Competition: Commission renders commitments by music publishers and collecting societies legally binding

The European Commission has made legally binding under EC Treaty competition rules the commitments given by the five major music publishers (BMG, EMI, Sony, Universal and Warner) and thirteen European collecting societies (AEPI, AustroMechana, GEMA, MCPS, MCPSI, NCB, SABAM, SDRM, SGAE, SIAE, SPA, STEMRA, SUISA), the signatories of the Cannes Extension Agreement, regarding Central Licensing Agreements. The commitments ensure that record producers can continue to receive rebates from collecting societies on royalties paid in the context of Central Licensing Agreements. These rebates are currently the only form of price competition among collecting societies. The commitments also ensure that potential entry by collecting societies in the music publishing or record production markets is not impeded. The Commission had been concerned that two clauses of the Cannes Extension Agreement may have violated the EC Treaty’s ban on cartels and restrictive business practices (Article 81) but has now closed the case in the light of the commitments.

Under a Central Licensing Agreement, a record company can obtain a copyright license for the combined repertoires of all the collecting societies and covering the whole of the EEA or part thereof, from any collecting society within the EEA. Central Licensing Agreements are an example of how competition among collecting societies for the granting of pan-European licenses can function, to the benefit of all involved.

The Cannes Extension Agreement is an agreement between thirteen European collecting societies managing mechanical copyright (the right involved in the production of physical carriers of sound recordings, such as CDs) and the five major music publishers, which are members of these societies. The Agreement settles a number of issues regarding the relations between the two groups of companies.

The commitments offered by the parties to the Agreement concern two clauses of the Agreement on which the Commission had expressed its concerns. The first commitment ensures that collecting societies may continue, in the context of Central Licensing Agreements, to give rebates to record companies, paid out of the administration fees that they retain from the royalties which they collect on behalf of their members. Rebates are currently the only element of price competition in this market. The second commitment consists in the removal of a no-competition clause, which would have prevented collecting societies from ever entering either the music publishing or the record production market.
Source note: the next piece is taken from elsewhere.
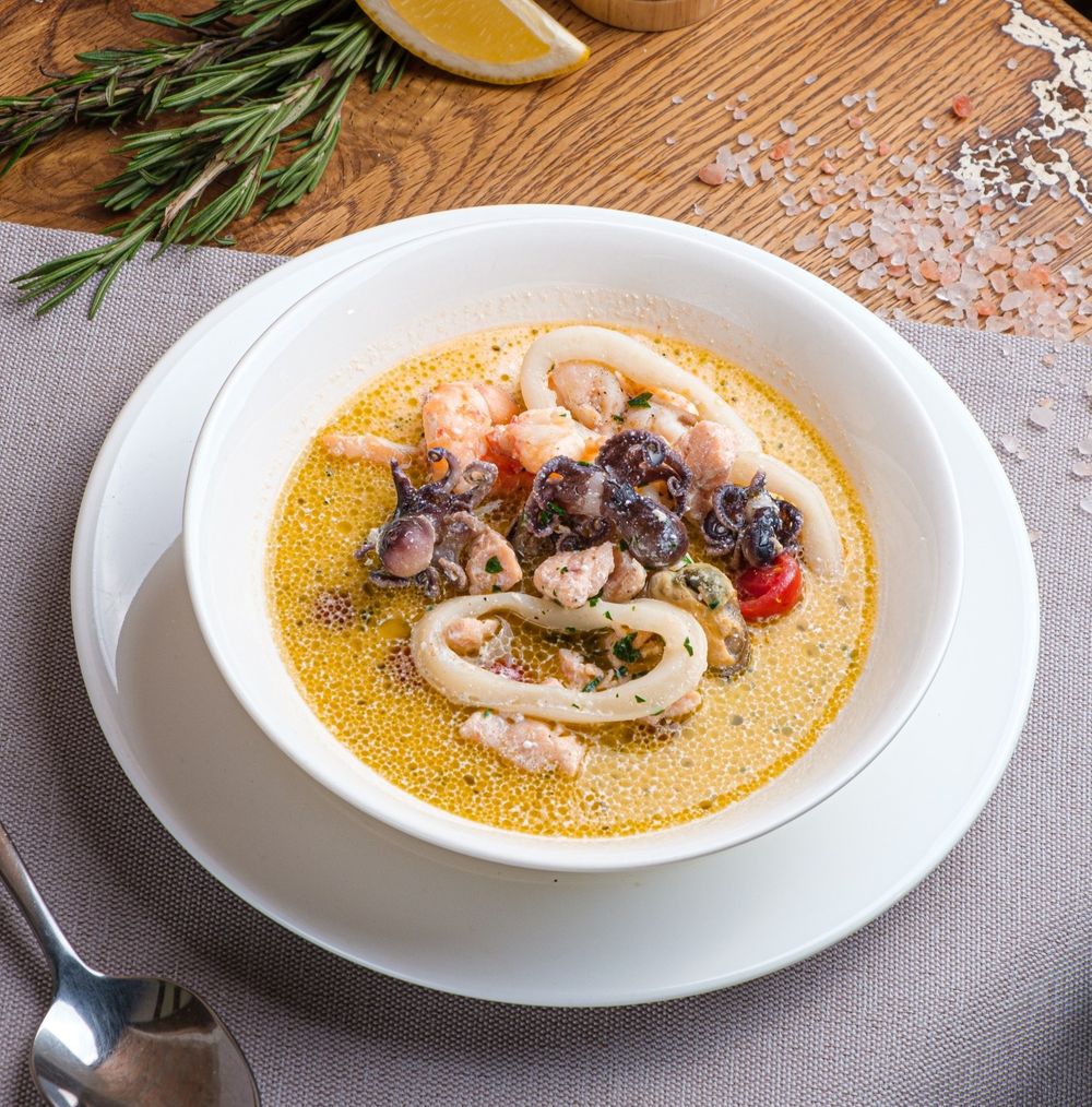 Креветки, лосось, кальмары, осьминоги, мидии, соус песто, черри, сливки

The Commission decision, based on Article 9 of the procedural Regulation 1/2003 on the implementation of the EC Treaty’s competition rules, takes into account the outcome of consultations on the commitments offered by the parties to the Agreement. This decision ends the proceedings concerning the Cannes Extension Agreement. However, if the parties to the Agreement were to break their commitments, the Commission could impose a fine of up to 10% of their total turnover without having to prove any violation of the EC Treaty’s competition rules.